If users can switch the frontend to API STT/TTS, configure the provider-specific keys explicitly:

.env
OPENTALKING_STT_DASHSCOPE_API_KEY=<dashscope-stt-key>
OPENTALKING_TTS_DASHSCOPE_API_KEY=<dashscope-tts-key>

Startup Order

Start the local TTS service first:

terminal
bash scripts/quickstart/start_local_cosyvoice.sh --port 19090

Start OpenTalking:

terminal
bash scripts/start_unified.sh --backend local --model quicktalk

To set ports explicitly:

terminal
bash scripts/start_unified.sh --backend local --model quicktalk --api-port 8210 --web-port 5280

Verification

terminal
curl -fsS http://127.0.0.1:19090/health
curl -fsS http://127.0.0.1:8000/health
curl -fsS http://127.0.0.1:8000/api/runtime/status
curl -s http://127.0.0.1:8000/models | jq '.statuses[] | select(.id=="quicktalk")'

Expected state:

  • stt_provider is sensevoice.
  • tts_provider is local_cosyvoice.
  • quicktalk_backend is local.
  • /models reports quicktalk.connected=true and reason=local_runtime.
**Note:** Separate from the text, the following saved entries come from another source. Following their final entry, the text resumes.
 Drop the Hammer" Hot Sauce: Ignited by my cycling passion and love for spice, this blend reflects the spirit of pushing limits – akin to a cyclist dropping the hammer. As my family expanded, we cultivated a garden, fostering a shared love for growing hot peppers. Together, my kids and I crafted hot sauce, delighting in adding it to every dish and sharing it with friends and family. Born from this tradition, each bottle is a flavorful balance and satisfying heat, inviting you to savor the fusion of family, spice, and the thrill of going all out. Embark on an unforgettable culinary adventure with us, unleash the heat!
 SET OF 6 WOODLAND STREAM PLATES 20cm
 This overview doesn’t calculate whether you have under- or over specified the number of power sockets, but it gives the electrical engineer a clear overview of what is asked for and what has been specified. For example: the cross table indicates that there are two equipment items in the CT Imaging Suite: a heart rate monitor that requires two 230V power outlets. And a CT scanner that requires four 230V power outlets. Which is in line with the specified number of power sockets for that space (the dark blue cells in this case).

In the frontend, select Local SenseVoiceSmall, Local CosyVoice3-0.5B-2512, a shared avatar, and the quicktalk model, then test:

  1. Text input: LLM -> local_cosyvoice -> QuickTalk -> WebRTC.
  2. Microphone input: SenseVoiceSmall -> LLM -> local_cosyvoice -> QuickTalk -> WebRTC.
  3. /tts/preview: confirm that local system voices and cloned voices play.

Notes

  • *_DEFAULT_PROVIDER only controls the default selection. It is not a failure fallback chain.
  • LLM, STT, and TTS keys are independent. DASHSCOPE_API_KEY does not automatically configure any module.
  • The CosyVoice3 service returns audio as a stream, but first-chunk latency still depends on model inference and warmup.
  • On 8GB VRAM machines, keep SenseVoiceSmall CPU + QuickTalk local and use DashScope or Edge TTS first if local TTS is slow or OOMs.
  • Weights, runtime checkouts, avatar caches, and logs are deployment artifacts and should not be committed.